Because of the success of Syrah on cobblestone soils, we added the 2nd phase of the planting to meet the heavy demand for the unique qualities of the fruit off of these soils.
Stone Valley Vineyard was planted in 2002; initially with five acres of Cabernet Sauvignon. Eight acres was added soon thereafter, consisting of Syrah, Malbec and Tempranillo. These wine grape varieties, planted during the second phase of development, supported a growing demand for the unique qualities these cobbled soils deliver to a wine; particularly Syrah.
Norm McKibben developed the original planting at Stone Valley and then sold the property to Premiere Partners IV.
Tom Waliser has farmed and managed the vineyard since that time.
The training form utilized at Stone Valley Vineyard is VSP; vertical shoot positioning. The older plantings were planted at 960 plants to the acre. The balance of the acreage is planted to 1050 plants per acre. Vines are self-rooted.
Heat units for the site average 3000 -3200 units annually, and annual precipitation averages 7-10".
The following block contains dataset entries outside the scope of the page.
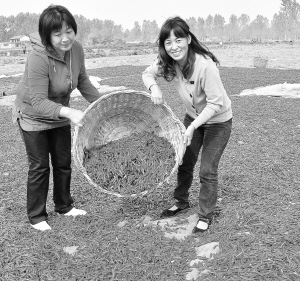 沈丘县积极推进农业经济结构调整,引导农民种植产量高、效益高的经济作物,促进农民增收、农业增效。老城镇南关村许前进通过土地流转,种植150亩红辣椒,亩产350多公斤,每公斤售价20元以上,收入相当可观。图为沈丘县老城镇南关村村民在收晒红辣椒。(韦伟 迟驰 摄)
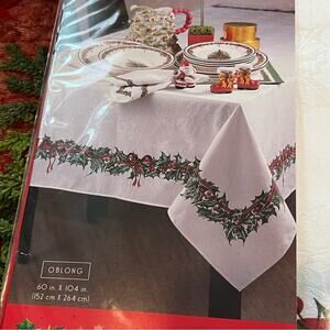 Christmas Holly Bows Oblong Tablecloth CHRISTOPHER RADKO Holiday 60” x 104”
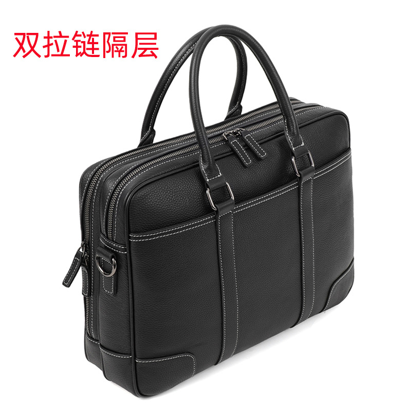 ダブルジッパーブリーフ本革男性カバン14インチパソコンバッグ大容量男性ハンドバッグトップ層牛革ショルダーバッグ
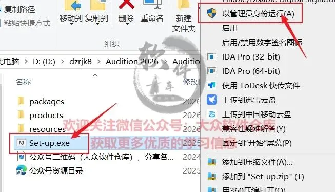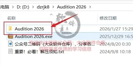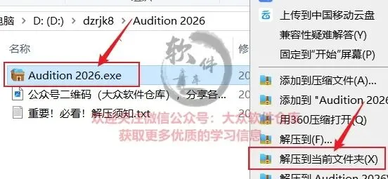 1.把资源从网盘下载到电脑上面,然后右键Audition 2026.exe压缩包选择解压到当前文件夹;
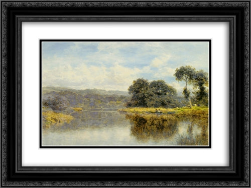 A Fine Day on the Thames 24x18 Black Ornate Wood Framed Art Print Poster with Double Matting by Leader, Benjamin Williams
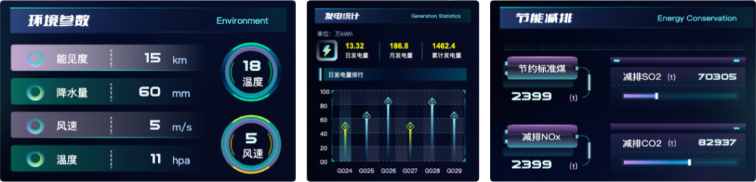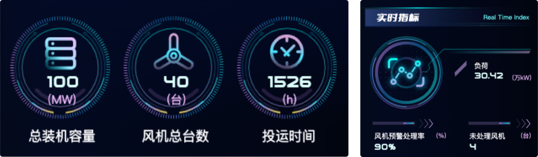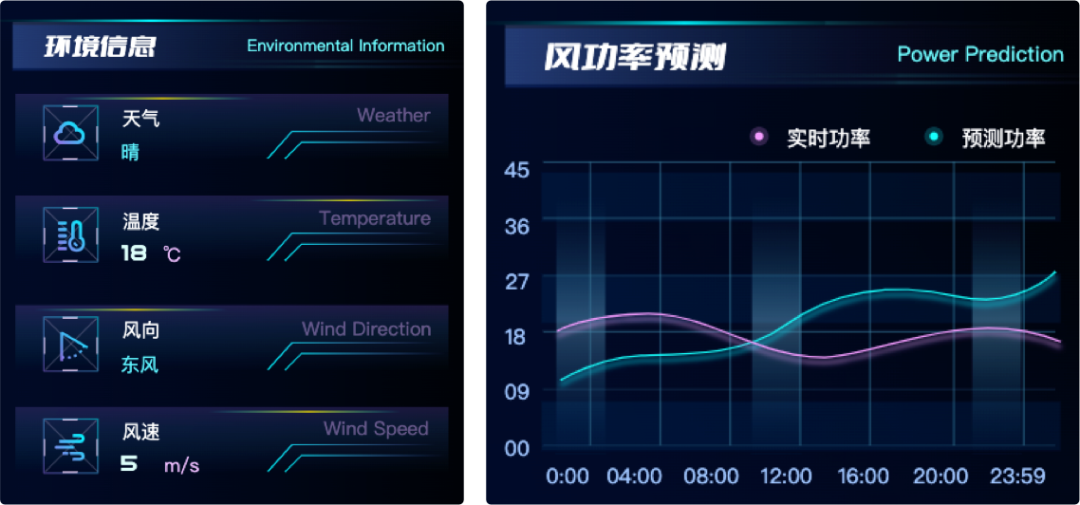 风力发电机因风量不稳定,且对电力系统运行的支撑能力不如其他发电领域,所以对风电基地设施的监测数据更需要具备时效性。将风电场的关键生产数据集中于界面的左右两侧,为管理人员提供直观的数据展示,及时掌控。

The vineyard in on drip irrigation, and soil moisture and plant water status is monitored throughout the summer. Additionally, the vineyard is “LIVE” and “Salmon Safe” certified; adhering to rigid, and sustainable, farming practices.
All fruit is hand-harvested at crop levels targeted at 3-3.5 tons per acre. Fruit is sold by the acre. Prices vary depending on the variety, performance and history of the individual blocks.
This vineyard is often the first to show bud break, bloom, and veraison in the Valley, but is usually the last to be harvested. Lower brix is another attribute routinely achieved at Stone Valley.
The soil type for Stone Valley Vineyard is a basalt cobblestone soil, generated from an alluvial fan extending from the Blue Mountains. Continual floods from melting glaciers and snowpack in the mountains flooded annually for thousands of years forming this alluvial fan of cobblestones. The soil is made up of the materials dispersed by ancient river flows through the valley floor, dispersing rounded basalt cobblestones 20-60' deep, with silt loam mixed with the sand, gravel, and cobblestones.